=== MATERIAL SUPPLIED ===
=== Section Start ===
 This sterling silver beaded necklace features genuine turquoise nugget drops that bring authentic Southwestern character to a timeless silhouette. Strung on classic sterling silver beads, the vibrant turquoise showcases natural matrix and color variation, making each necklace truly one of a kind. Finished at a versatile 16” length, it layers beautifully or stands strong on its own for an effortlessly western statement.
=== Section End ===
=== Section Start ===
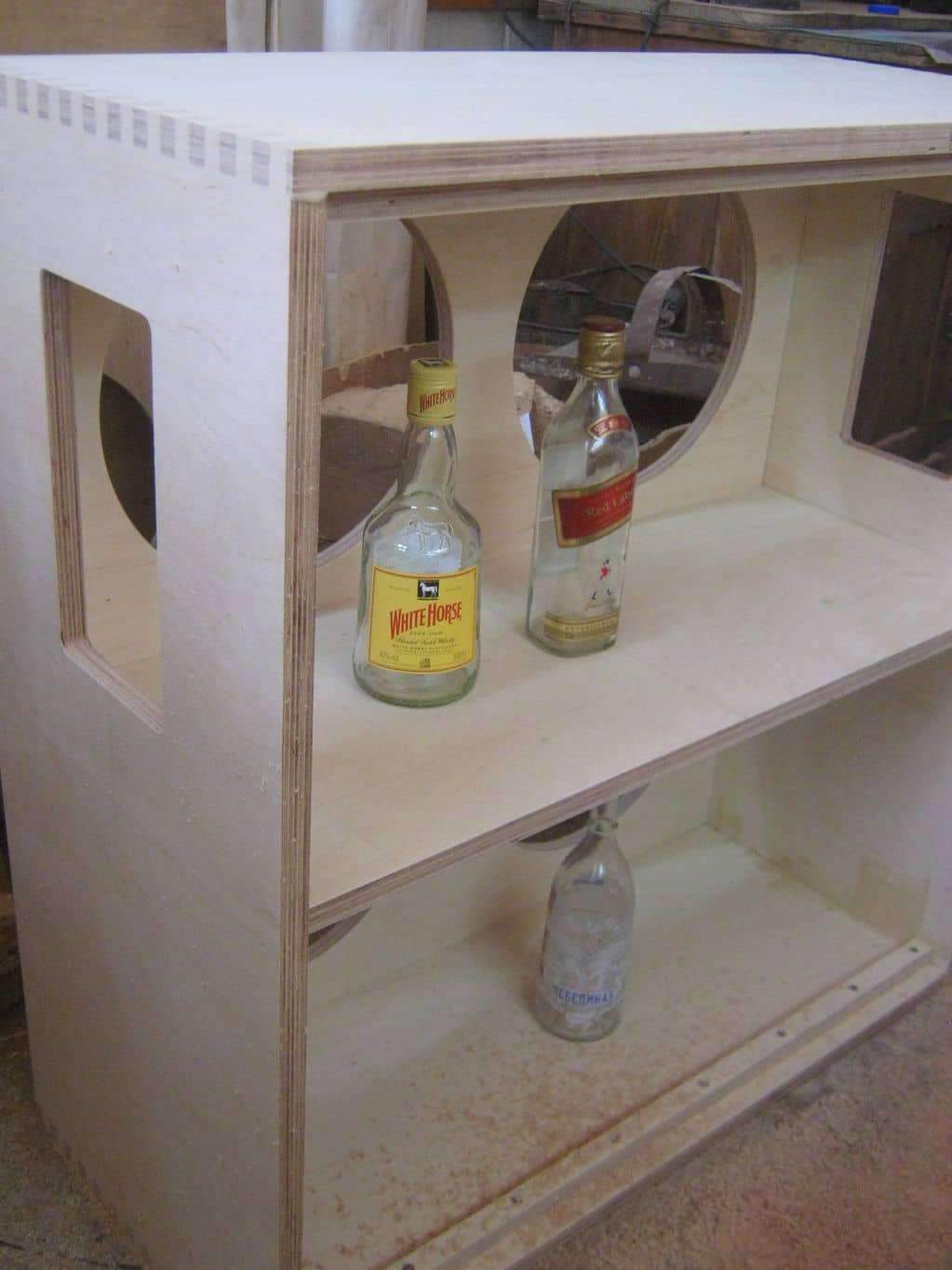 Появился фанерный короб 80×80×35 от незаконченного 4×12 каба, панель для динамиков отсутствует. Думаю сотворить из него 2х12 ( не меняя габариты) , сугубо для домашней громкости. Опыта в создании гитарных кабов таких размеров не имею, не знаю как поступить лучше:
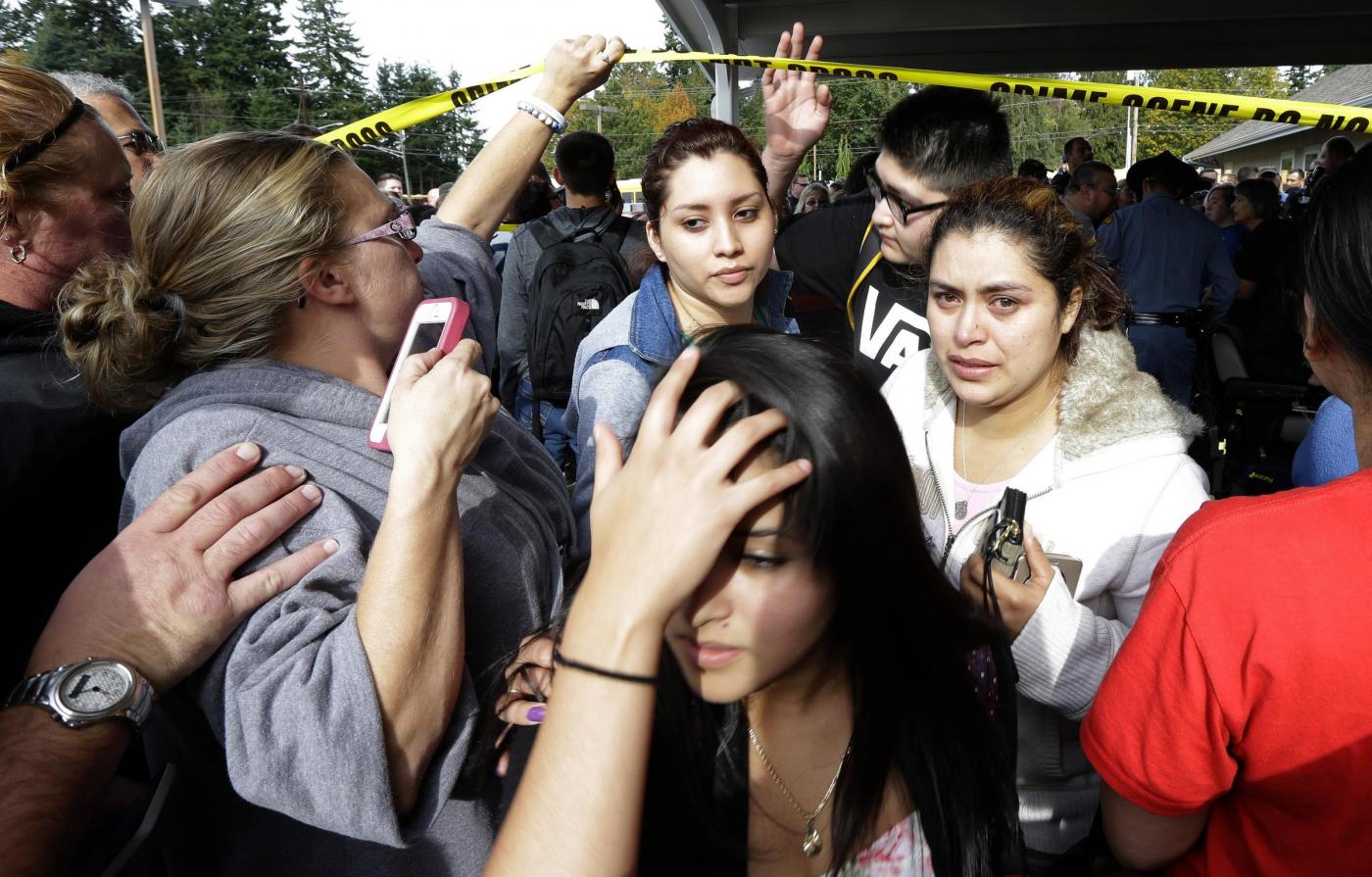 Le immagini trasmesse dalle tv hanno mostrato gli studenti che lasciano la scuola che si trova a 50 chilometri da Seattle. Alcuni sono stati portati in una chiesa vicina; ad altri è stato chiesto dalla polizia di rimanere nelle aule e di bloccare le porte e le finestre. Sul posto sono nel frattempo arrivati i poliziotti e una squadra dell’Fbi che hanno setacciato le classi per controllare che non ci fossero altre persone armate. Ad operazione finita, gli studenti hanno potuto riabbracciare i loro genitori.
=== Section End ===
=== PROBLEM STATEMENT ===
From the records above, write out exactly the lines that begin at the line with "Появился фанерный короб" and end at the line with "Le immagini trasmesse". Pictures must not appear in the output.

=== ANSWER ===
 Появился фанерный короб 80×80×35 от незаконченного 4×12 каба, панель для динамиков отсутствует. Думаю сотворить из него 2х12 ( не меняя габариты) , сугубо для домашней громкости. Опыта в создании гитарных кабов таких размеров не имею, не знаю как поступить лучше:
 Le immagini trasmesse dalle tv hanno mostrato gli studenti che lasciano la scuola che si trova a 50 chilometri da Seattle. Alcuni sono stati portati in una chiesa vicina; ad altri è stato chiesto dalla polizia di rimanere nelle aule e di bloccare le porte e le finestre. Sul posto sono nel frattempo arrivati i poliziotti e una squadra dell’Fbi che hanno setacciato le classi per controllare che non ci fossero altre persone armate. Ad operazione finita, gli studenti hanno potuto riabbracciare i loro genitori.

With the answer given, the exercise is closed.